Jesuit Frs. James Rude, right, and Gregory Boyle in 2011 (Loyola High School Alumni Association)

Jesuit Frs. James Rude, right, and Gregory Boyle in 2011 (Loyola High School Alumni Association)

One of the CAM coordinators in 1972 was a student named Greg Boyle, who joined the Jesuits and as a scholastic later directed CAM himself. His vocation led after his ordination to following Rude as pastor at Delores Mission, and ultimately to founding Homeboy Industries — a service ministry that has brought new life to gang-ravaged neighborhoods and has brought Boyle worldwide acclaim.

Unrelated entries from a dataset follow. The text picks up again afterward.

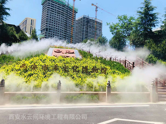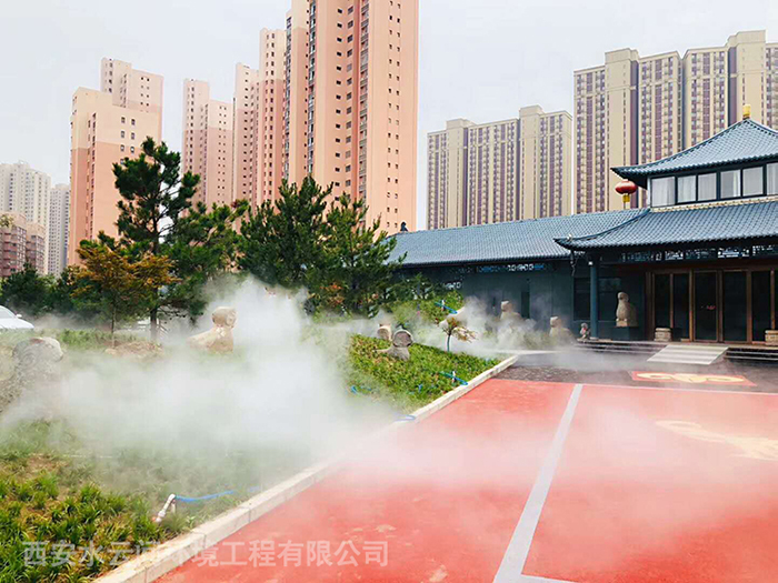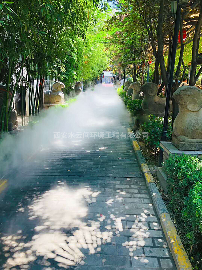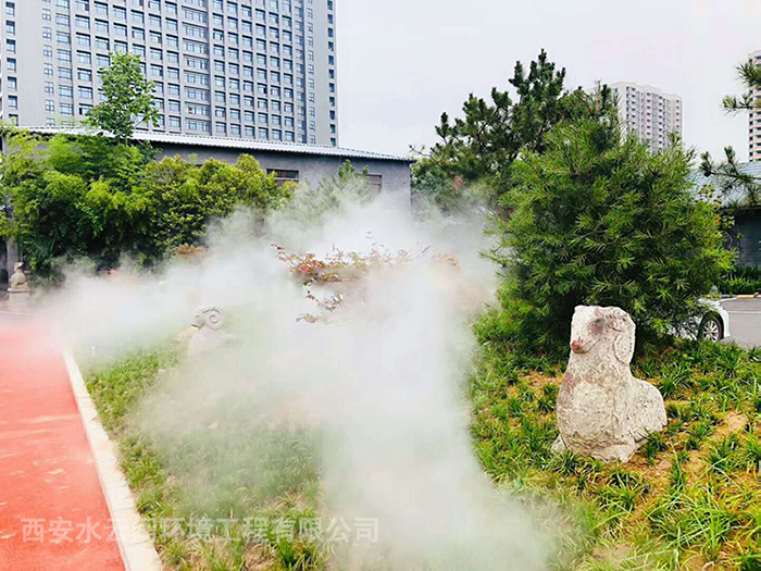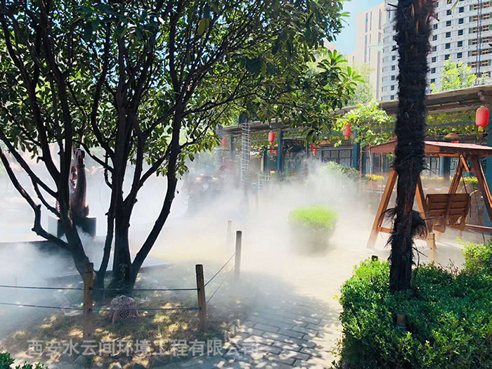 石羊農(nóng)莊位于西安雁翔路南頭漢宣帝陵西側(cè)300米,集餐飲旅游休閑娛樂(lè)于一體。西安水云間環(huán)境工程有限公司為山莊設(shè)計(jì)安裝噴霧造景系統(tǒng)。水云間噴霧造景系統(tǒng),是以自來(lái)水為水源經(jīng)過(guò)二級(jí)過(guò)濾后,經(jīng)霧化主機(jī)加壓,霧化噴頭霧化成細(xì)小的水霧顆粒。產(chǎn)生的水霧量大,輕盈飄渺,很適合用于景觀相襯造景。人工制造的霧效兼具造景、降溫、降塵的效果。
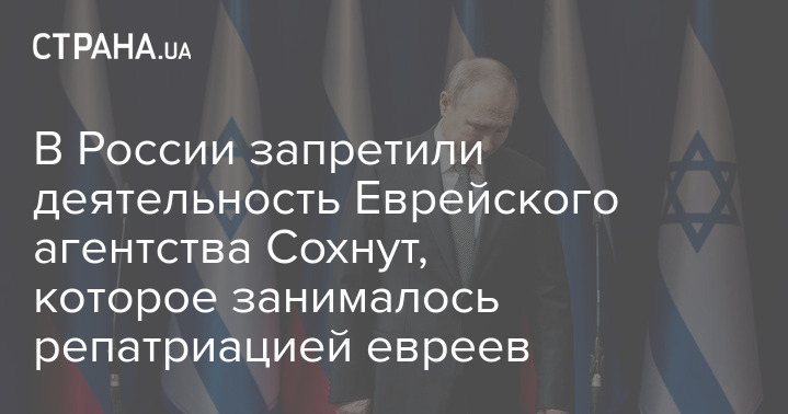 Россия предписала Еврейскому агентству (Сохнут) прекратить свою деятельность в стране.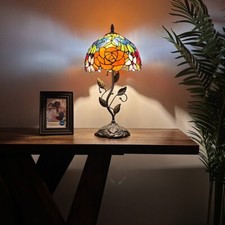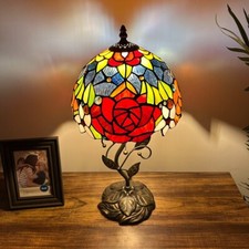 Tiffany Style Table Lamp Stained Glass Rose Flowers LED Bulb 10″W*10″D*20″H
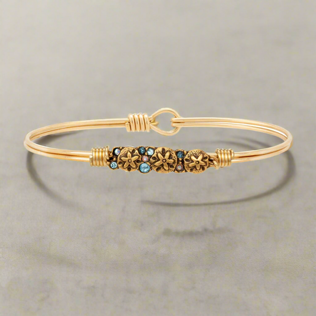 - Accented with crystals featuring Montana Blue, Aquamarine + Aurora Borealis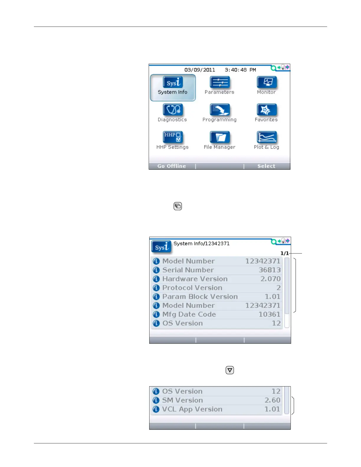 In the Main Menu, highlight the System Info icon and press the “Select” softkey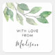 This sticker is decorated with watercolor greenery and stylish script typography. Easily customizable. Original Watercolor © Michele Davies.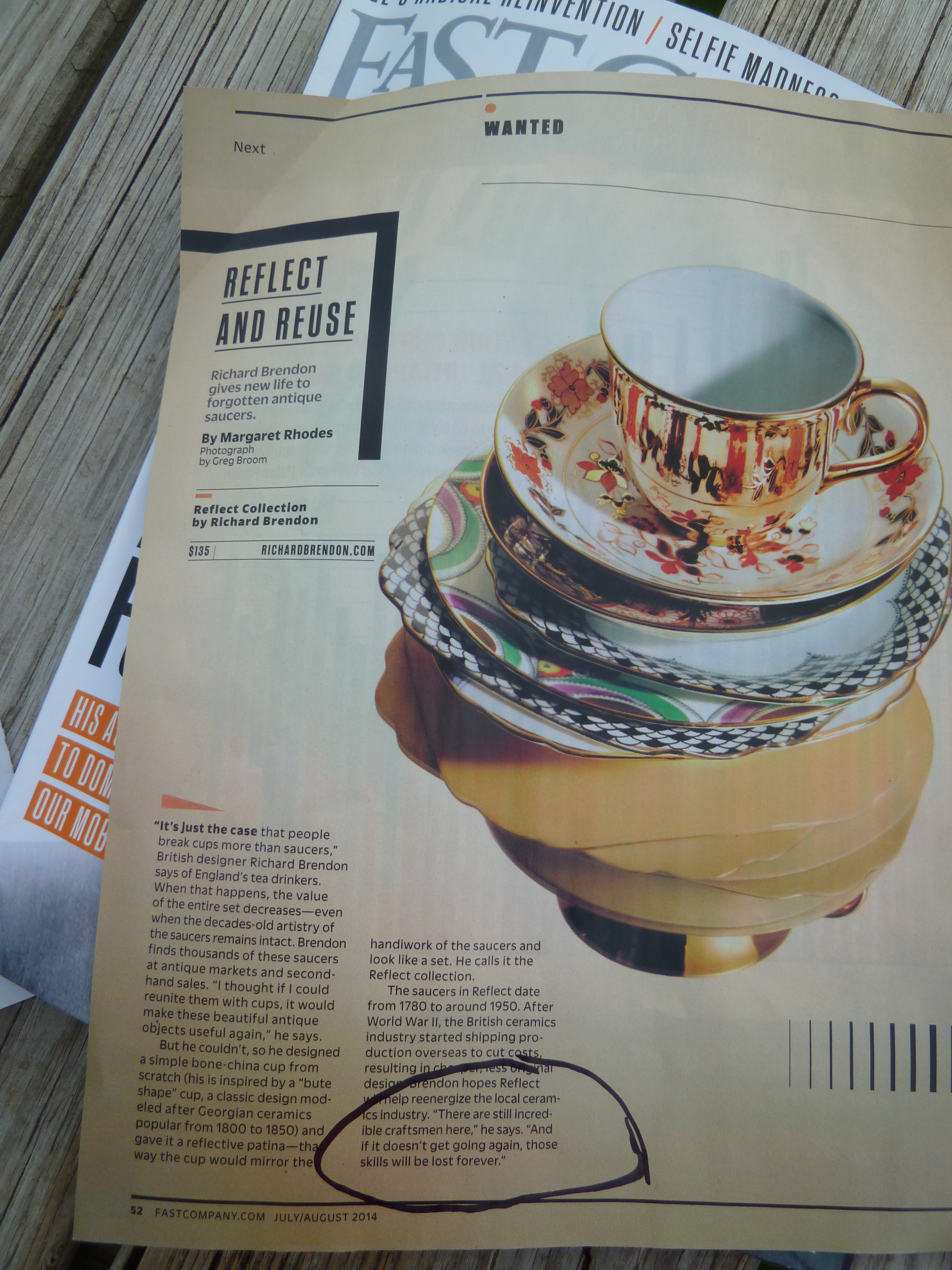 On the mostly-visual side of inspiration, I loved this idea below, from Fast Company. The insight is that Richard Brendon observed how, in the UK vintage markets, there are many more teacup saucers kicking around than there are teacups. He set out to try and marry the sets but the inventory was, well, imbalanced. So he invented this simple reflective bone-china cup so that it could pair with, and match via reflection, any saucer. Here’s the deeper value behind the product: After World War II, the British ceramics industry starting shipping production overseas to cut costs, resulting in cheaper, less original designs. Brendon hopes “Reflect” will help reenergize the local ceramics industry. He says, “There are still incredible craftsmen here. And if it doesn’t get going again, those skills will be lost forever.”

The Gospel at the reunion Mass in April 2019 told the famous story of Thomas the Apostle, who had his doubts about the resurrection of Jesus. Boyle preached the homily that day, speaking in admiration for Rude and saying of St. Thomas, "Normally, he's the brunt of the 'Oh ye of little faith' message. But Thomas is my hero, because when everyone else was locked in that room — because they were terrified — Thomas was not there ... but outside ... in the streets ... where people of faith are supposed to be. There's the 'fear-based' church — locked in the room — then there is the 'love-based' church: in the streets, trying not to circle the wagons, but rather to widen the circle."

Rude died in his home after a brief illness. He is survived by his brother, Arthur, and nine nephews and nieces. His funeral Mass took place March 21 at the Sacred Heart Jesuit Center in Los Gatos.

[Patrick Whelan, a former NCR board member, is a pediatric specialist at UCLA and is on the Academic Advisory Board of the Institute for Advanced Catholic Studies at the University of Southern California. He was a CAM coordinator during Rude's last year at Loyola High School.]